How to Vet Guest Blog Contributors

Despite what the internet might tell you, guest blogging isn’t dead. Publishing guest blog posts can help your audience learn new skills and get to know experts in your industry. 

The problem is some guest bloggers won’t be a good fit for your blog. Maybe they aren’t in your industry or don’t have enough experience to share valuable insights. 

Other guest bloggers might be scammers running a link-building scheme to drive traffic to their own website — and that can get your site hit with a Google penalty. 

So how do you make sure guest blog contributors are a good fit and aren’t just out to grab a link? Here’s how I’ve vetted guest blog contributors at Search Engine Journal and Classy Career Girl to make sure they’re a good fit and avoid scammers just looking for a link. 

Google Their Name 

Obvious, right? Not quite — there’s a little more to it than just Googling their name. Take the time to dig into the second and third pages of Google. If there is anything they want to hide, it’s likely a bit further back in the search results. 

So what do you look for? 

If they’ve written a ton of content for spammy or low domain authority sites, they might not be a good fit. If they’ve had a huge controversy, that could impact your site if they have a bad reputation. 

You can also use Google search operators to uncover more information. 

For example, search “guest blogger name + scam” or “guest blogger name + link scheme.” This will pull up any mentions of that writer and the words “scam” or “link scheme.” 

You can also use search operators to remove unrelated search results. This is useful for guest bloggers with common names. For example, if you’re researching a blogger named “Bill Gates” who isn’t THE Bill Gates, search “Bill Gates – Microsoft” to eliminate results that include the word ‘Microsoft.’ 

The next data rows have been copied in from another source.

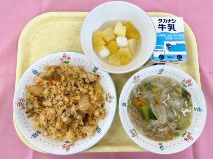 夏になるとどうしても食欲が落ちてくるので、香辛料を加えたピリ辛メニューや、さっぱりとしたメニュー、喉ごしが良い食材などを意識して取り入れています。キムチチャーハンやはるさめスープは、6月中旬からの気候を見据えて取り入れたメニューでした。そして、よく冷やした白玉ポンチも今日のような日にぴったりで、児童のみなさんが喜んで食べてくれたので良かったです。春から夏に出回る夏みかんは、生のものは酸味と苦味があるので苦手な子も多いですが、シロップ漬けだと気にせず食べられたようです。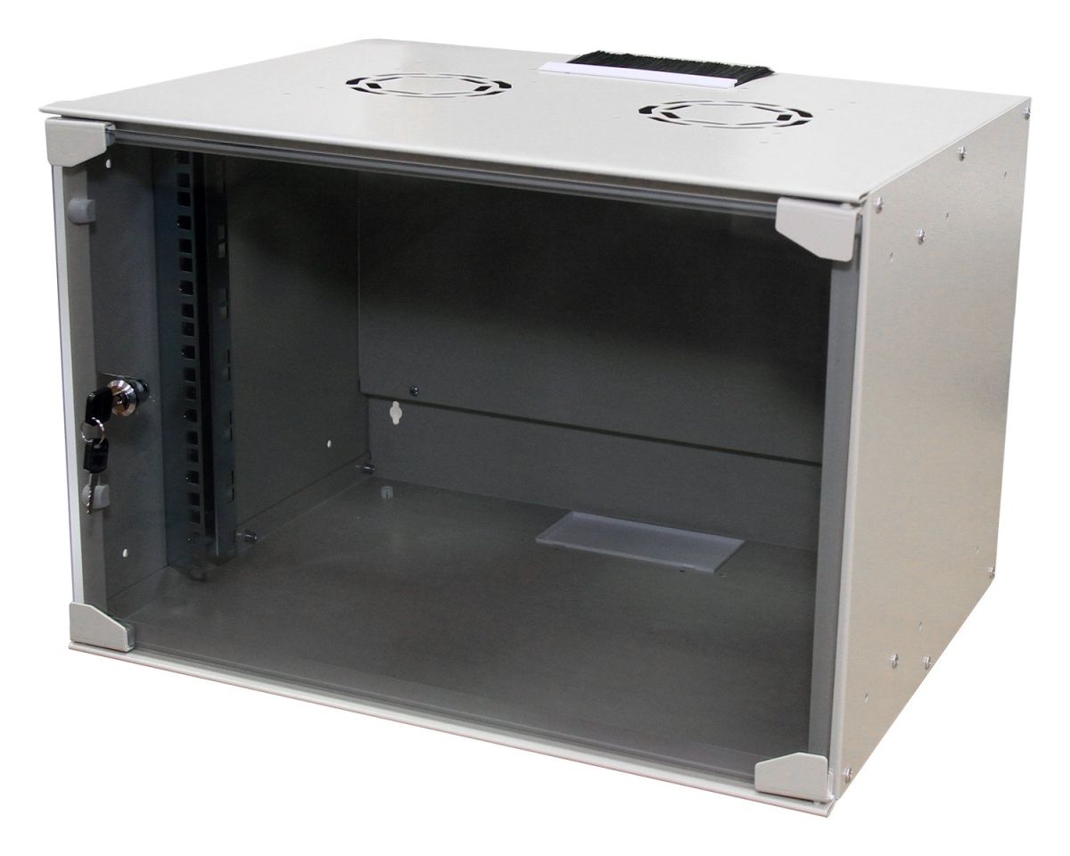 Шкаф телекоммуникационный 19" настенный; дверь тонированное стекло; 6U; 520х400х314; максимальная нагрузка 30 кг; IP20; цвет серый.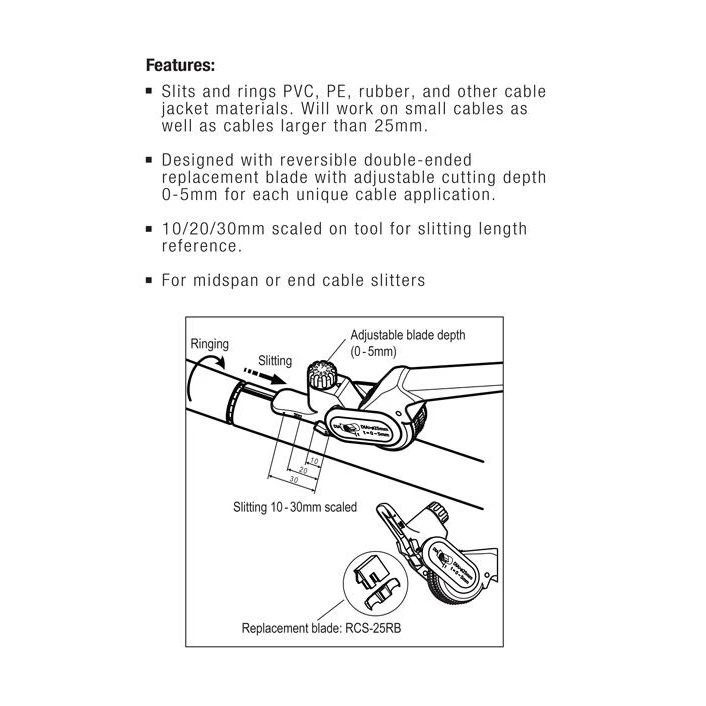 - Perfect for mid span or end cable slitting and ringing

Also, consider using alternative search engines, like DuckDuckGo or Bing, to find results that might be buried in Google. 

Check Out Their Social Media Handles 

Google should give you a pretty good idea of who the guest blogger is and what they do. The next step is to check out their social media handles. I suggest hitting all the main social channels, including Facebook, Twitter, LinkedIn, and Instagram. 

Depending on your niche, you might want to look into other platforms like Snapchat or TikTok. 

Start by searching their provided names on social media profiles. Of course, some writers use a pen name or a different name on social media, so this might not always work. Check their email signatures for links to social media accounts as well. 

Review whatever posts you can see (some might set their profiles to private.) Look at their bios to see if they have a website, links to other profiles, and past jobs. Make sure this information matches with the information they shared with you. 

Pay attention to what type of content they share and who wrote that content. I’ve found link schemes where two or three writers guest post across several blogs, and then all link and share each other’s content. 

If they only share content from one or two writers who also only share content from those same writers, it might be a link scheme group, which could negatively impact your website. 

On LinkedIn, you can see if you are both in the same groups. Look under “Activity” to see where they’ve interacted in the past. If you are in a few of the same groups and they share useful content, that’s a good sign. On the other hand, if they share spam you know they aren’t a good fit. 

The goal here isn’t just to ensure they aren’t scammers — this will also help you see how they are likely to promote the post they do on your site, what industry leaders they interact with, and how active they are on social media in general. 

Users who are active on social media may drive more traffic to your site by sharing your post with a larger audience. 

Visit Their Website  

Not all guest bloggers have a website, but many do. You’ve likely come across their website while digging into their social media. If you do, take a look. 

Start by looking at the copy on their website, any blog posts they’ve written, and whether the website is well-optimized. In some industries, SEO might not be a huge deal. For example, if you run a health and wellness website it matters a little less if your guest posters are up to date on SEO best practices. However, if your blog is about digital marketing, their site should be well optimized. 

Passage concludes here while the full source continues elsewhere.